Your output should be the exact lines from the start of the data through the line containing "Die Gemeinde Nienhagen", with no pictures.

Data for the task section start

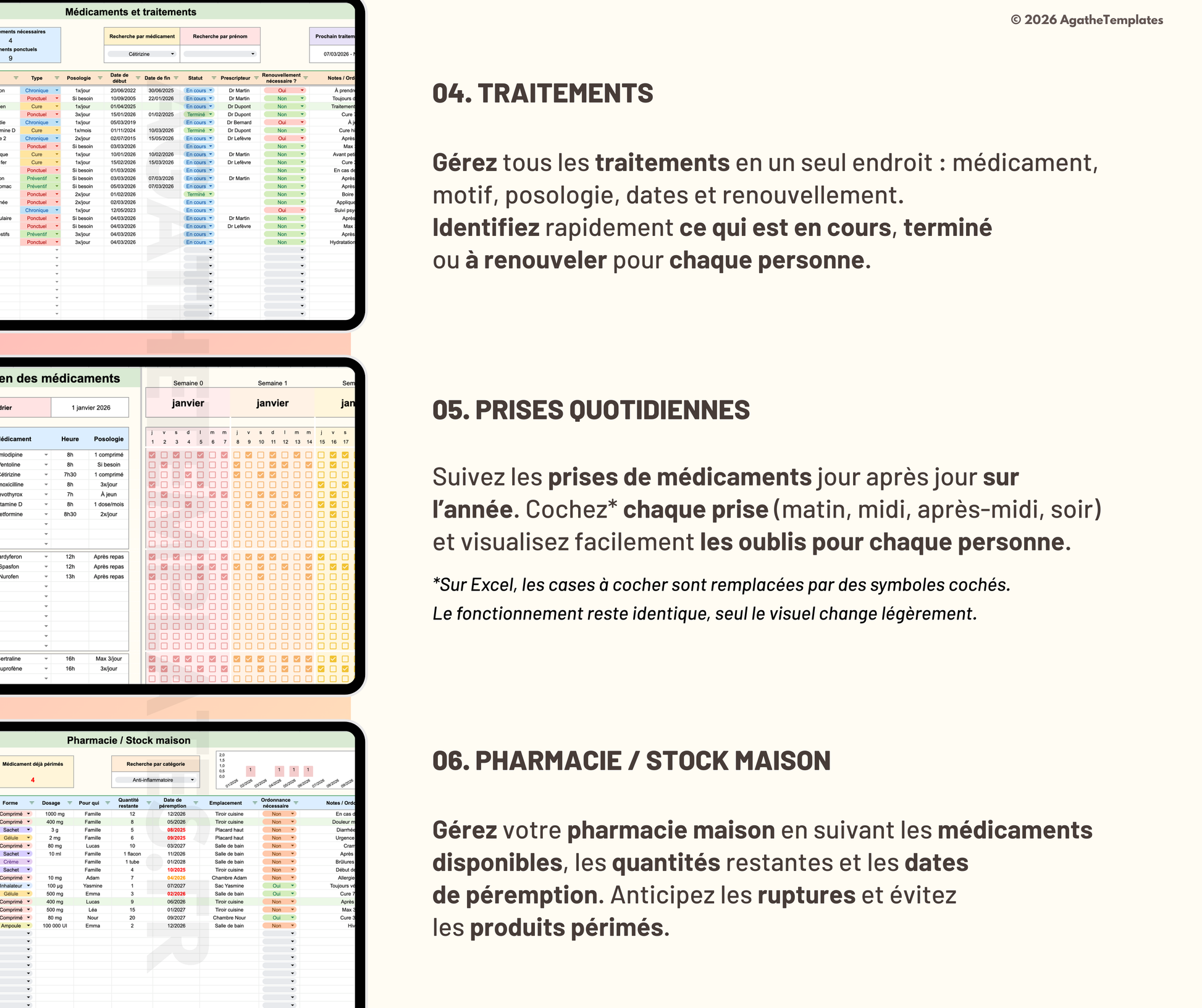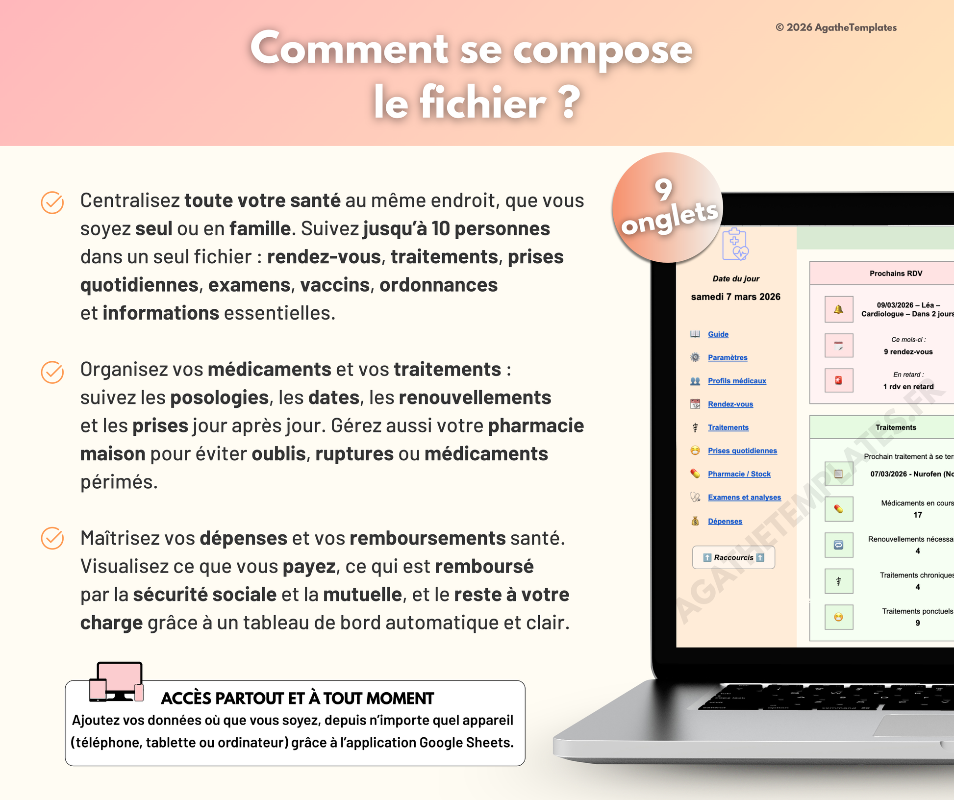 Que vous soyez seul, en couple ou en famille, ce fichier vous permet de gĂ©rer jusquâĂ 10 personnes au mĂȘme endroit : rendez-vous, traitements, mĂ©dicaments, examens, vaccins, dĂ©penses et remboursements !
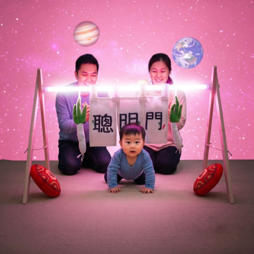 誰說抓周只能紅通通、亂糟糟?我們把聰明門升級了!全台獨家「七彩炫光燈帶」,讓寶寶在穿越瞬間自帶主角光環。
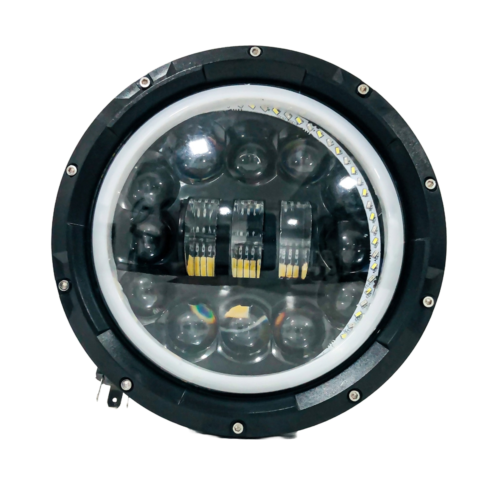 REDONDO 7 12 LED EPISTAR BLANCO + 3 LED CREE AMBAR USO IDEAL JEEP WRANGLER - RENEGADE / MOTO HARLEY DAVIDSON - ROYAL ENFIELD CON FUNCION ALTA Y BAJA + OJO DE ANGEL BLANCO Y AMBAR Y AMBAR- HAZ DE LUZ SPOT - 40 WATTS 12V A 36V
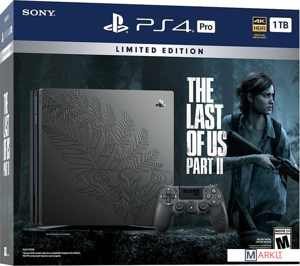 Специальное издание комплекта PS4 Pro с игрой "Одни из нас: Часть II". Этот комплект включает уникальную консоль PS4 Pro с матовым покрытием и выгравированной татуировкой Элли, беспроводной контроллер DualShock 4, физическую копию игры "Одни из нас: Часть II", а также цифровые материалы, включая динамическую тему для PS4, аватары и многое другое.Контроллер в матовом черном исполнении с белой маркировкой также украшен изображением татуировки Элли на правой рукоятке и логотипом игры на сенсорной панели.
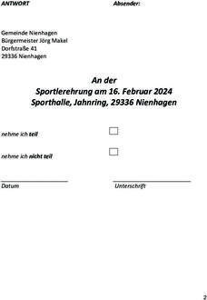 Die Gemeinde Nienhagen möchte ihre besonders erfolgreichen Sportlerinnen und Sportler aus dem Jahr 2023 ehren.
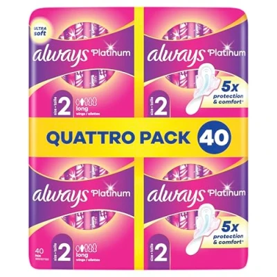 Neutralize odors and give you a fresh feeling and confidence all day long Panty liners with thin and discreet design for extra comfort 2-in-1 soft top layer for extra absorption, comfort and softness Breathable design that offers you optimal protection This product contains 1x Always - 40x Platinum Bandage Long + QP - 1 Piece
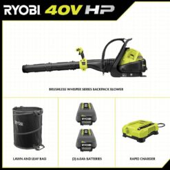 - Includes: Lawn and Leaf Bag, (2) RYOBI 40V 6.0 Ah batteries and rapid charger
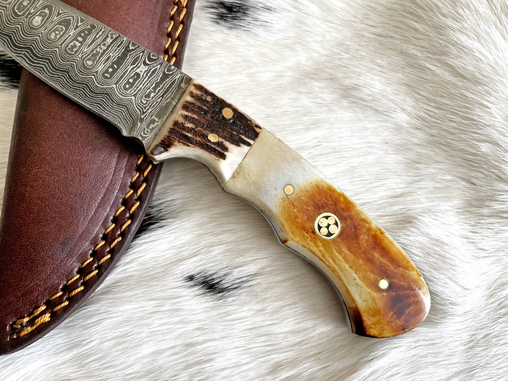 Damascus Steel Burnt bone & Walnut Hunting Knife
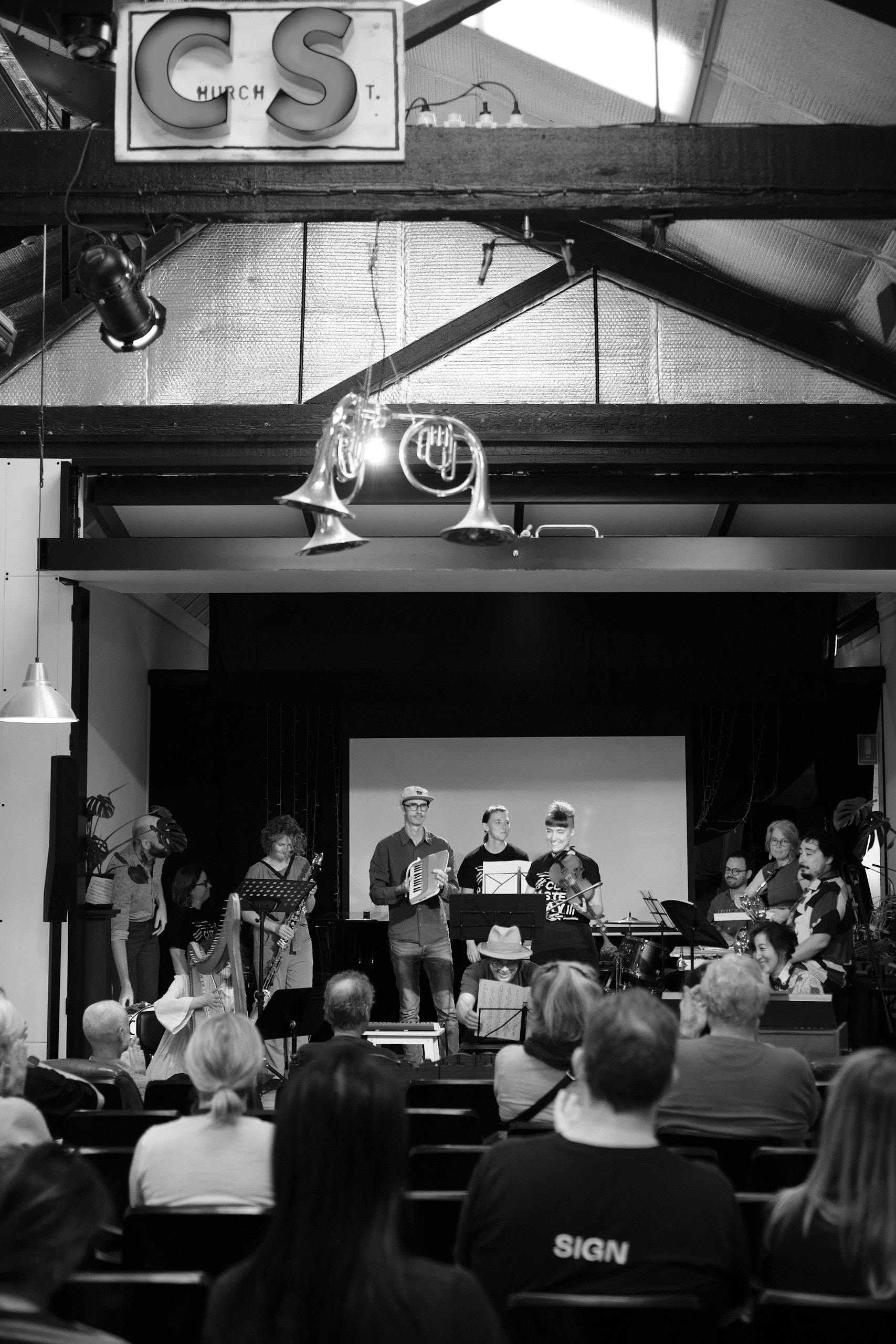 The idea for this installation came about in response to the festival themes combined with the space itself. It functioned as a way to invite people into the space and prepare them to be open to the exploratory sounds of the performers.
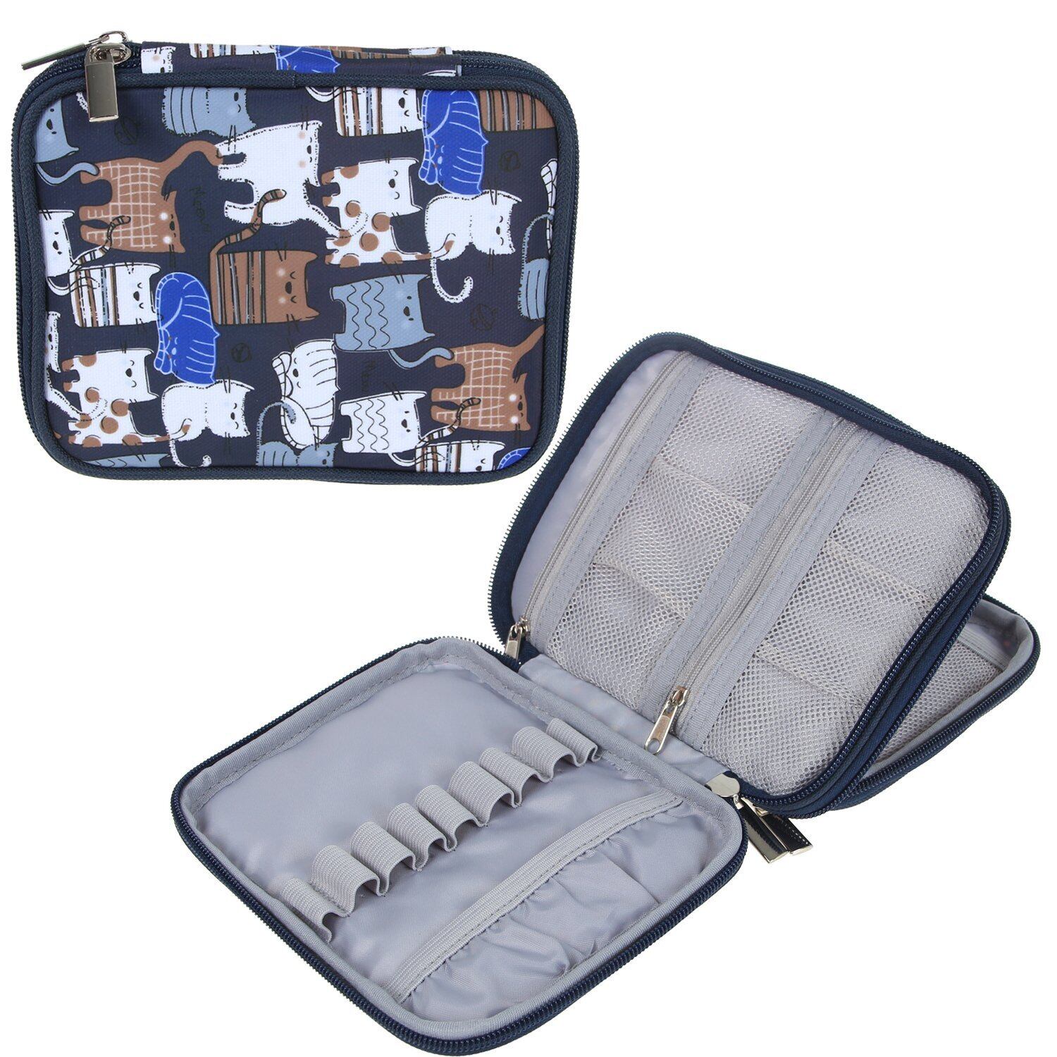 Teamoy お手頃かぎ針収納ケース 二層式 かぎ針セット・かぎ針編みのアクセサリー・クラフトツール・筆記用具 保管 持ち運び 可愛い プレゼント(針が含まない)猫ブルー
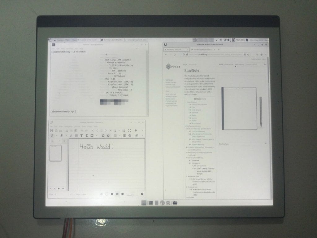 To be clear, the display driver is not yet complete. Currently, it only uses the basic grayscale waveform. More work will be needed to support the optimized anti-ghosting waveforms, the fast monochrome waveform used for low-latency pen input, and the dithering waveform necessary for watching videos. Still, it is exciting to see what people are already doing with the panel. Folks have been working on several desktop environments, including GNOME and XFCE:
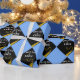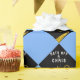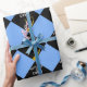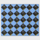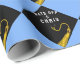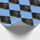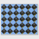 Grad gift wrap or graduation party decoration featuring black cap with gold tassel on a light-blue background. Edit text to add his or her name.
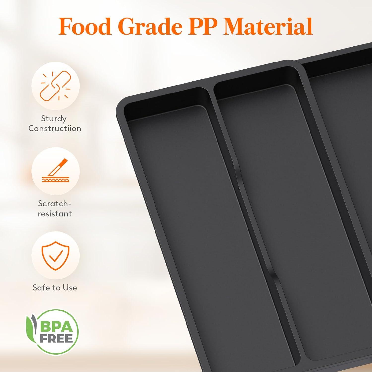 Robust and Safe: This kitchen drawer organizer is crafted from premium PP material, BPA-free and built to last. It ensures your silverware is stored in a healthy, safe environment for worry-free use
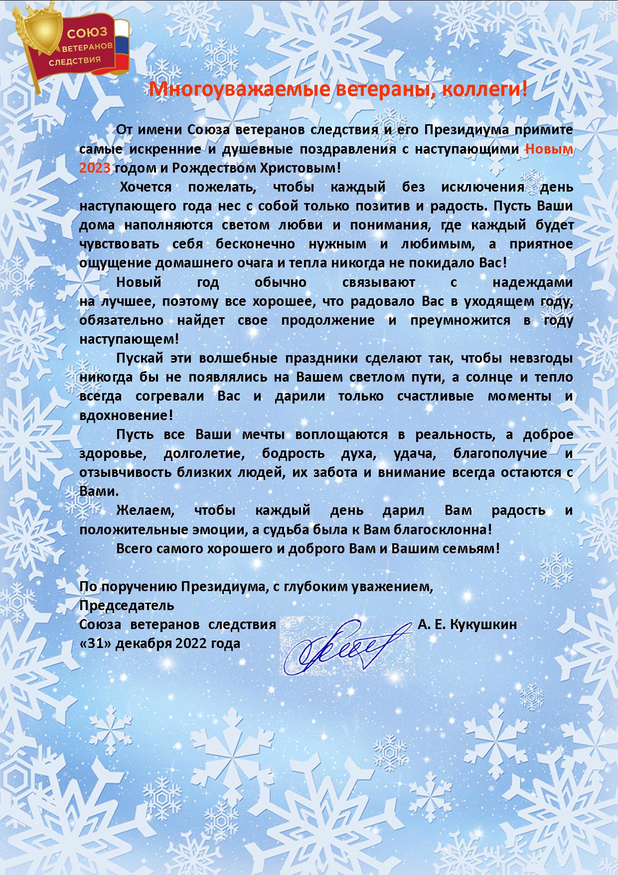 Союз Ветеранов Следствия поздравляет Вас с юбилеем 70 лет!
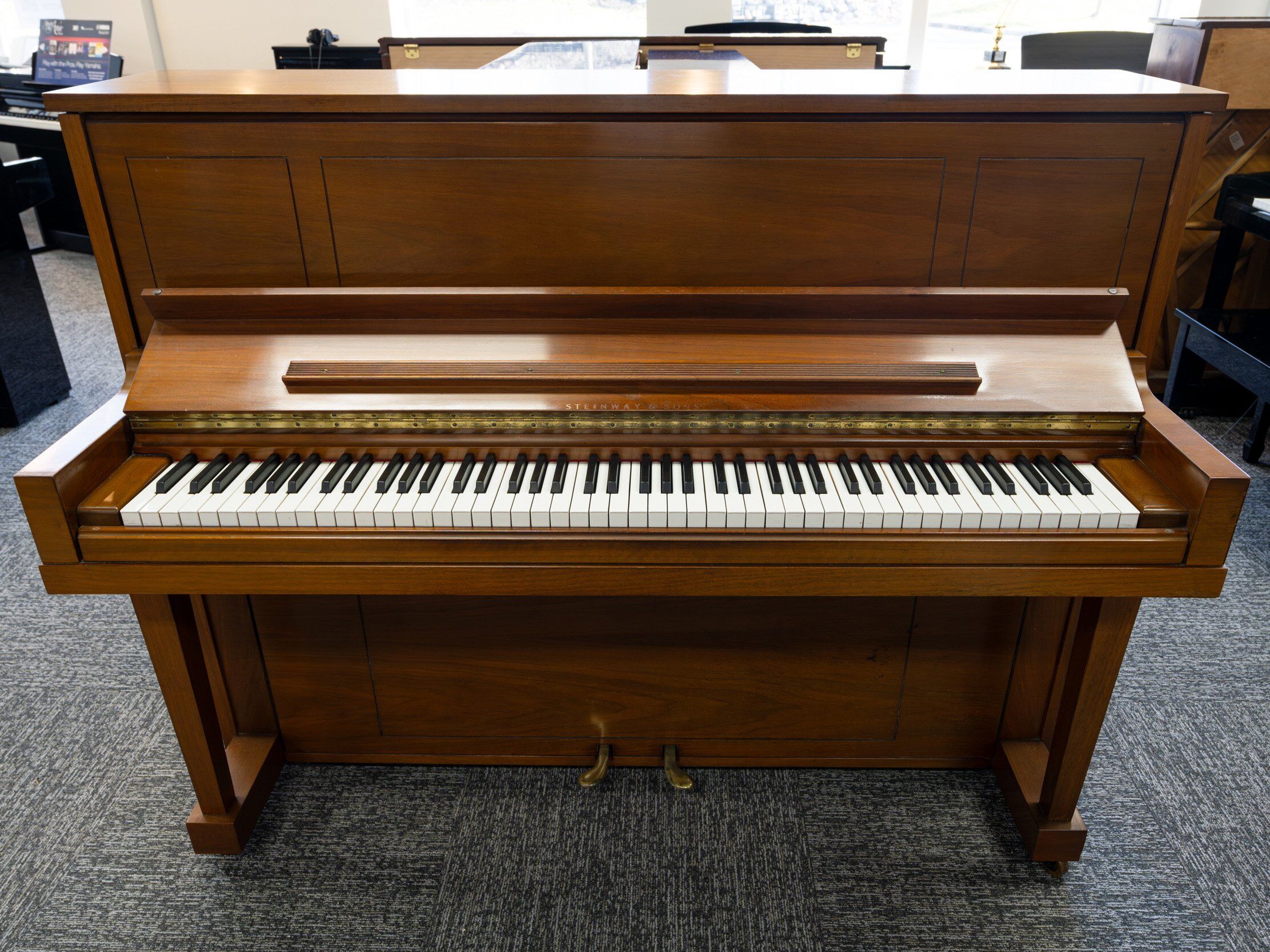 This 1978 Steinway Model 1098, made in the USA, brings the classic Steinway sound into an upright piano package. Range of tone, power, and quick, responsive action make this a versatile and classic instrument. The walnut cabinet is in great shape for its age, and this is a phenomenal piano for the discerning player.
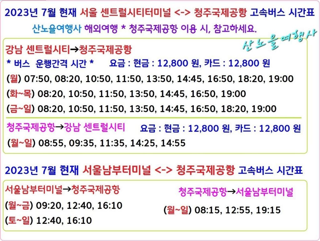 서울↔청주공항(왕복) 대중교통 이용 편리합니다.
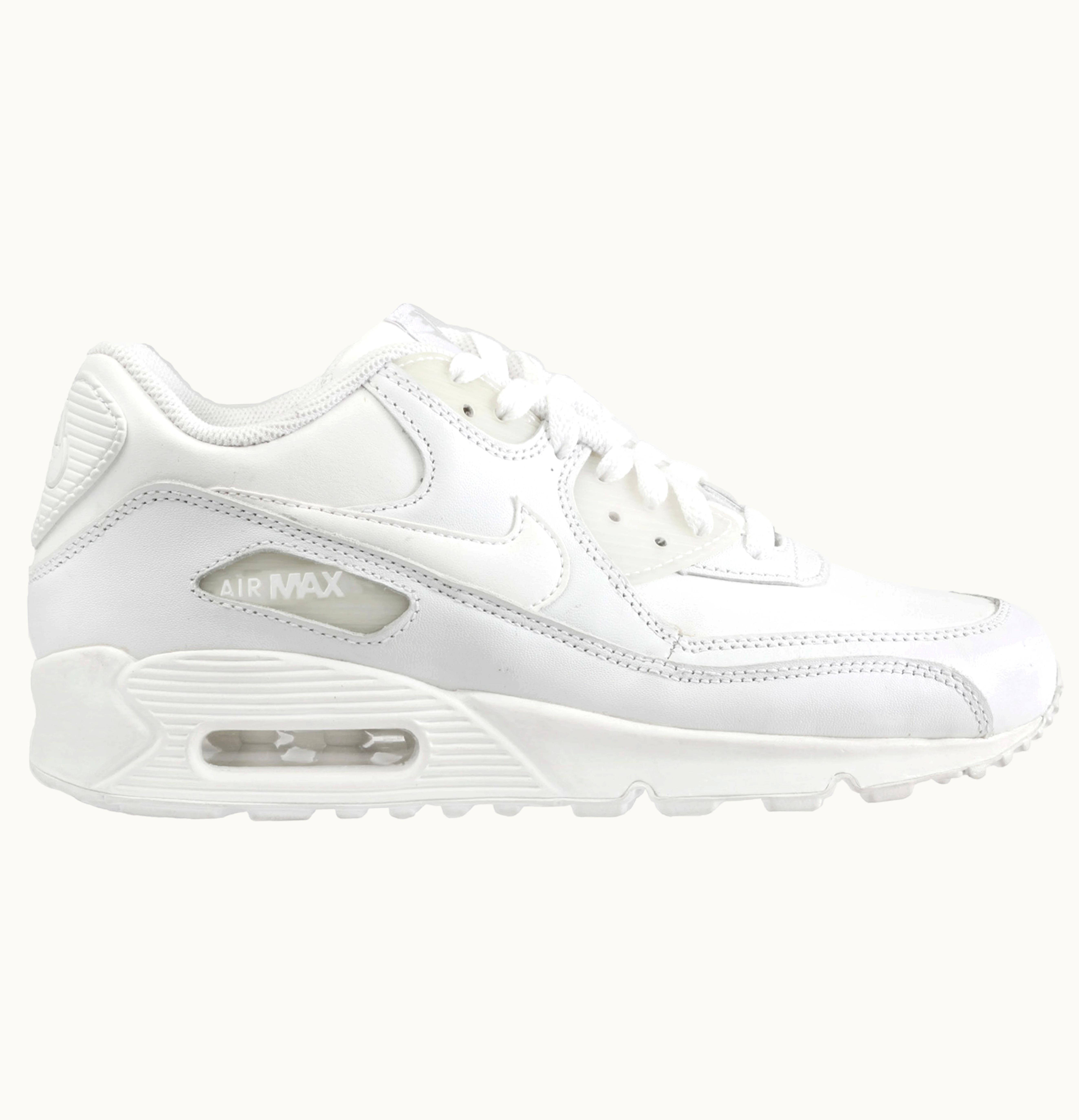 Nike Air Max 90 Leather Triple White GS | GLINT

Data for the task section end

Your solution
 Que vous soyez seul, en couple ou en famille, ce fichier vous permet de gĂ©rer jusquâĂ 10 personnes au mĂȘme endroit : rendez-vous, traitements, mĂ©dicaments, examens, vaccins, dĂ©penses et remboursements !
 誰說抓周只能紅通通、亂糟糟?我們把聰明門升級了!全台獨家「七彩炫光燈帶」,讓寶寶在穿越瞬間自帶主角光環。
 REDONDO 7 12 LED EPISTAR BLANCO + 3 LED CREE AMBAR USO IDEAL JEEP WRANGLER - RENEGADE / MOTO HARLEY DAVIDSON - ROYAL ENFIELD CON FUNCION ALTA Y BAJA + OJO DE ANGEL BLANCO Y AMBAR Y AMBAR- HAZ DE LUZ SPOT - 40 WATTS 12V A 36V
 Специальное издание комплекта PS4 Pro с игрой "Одни из нас: Часть II". Этот комплект включает уникальную консоль PS4 Pro с матовым покрытием и выгравированной татуировкой Элли, беспроводной контроллер DualShock 4, физическую копию игры "Одни из нас: Часть II", а также цифровые материалы, включая динамическую тему для PS4, аватары и многое другое.Контроллер в матовом черном исполнении с белой маркировкой также украшен изображением татуировки Элли на правой рукоятке и логотипом игры на сенсорной панели.
 Die Gemeinde Nienhagen möchte ihre besonders erfolgreichen Sportlerinnen und Sportler aus dem Jahr 2023 ehren.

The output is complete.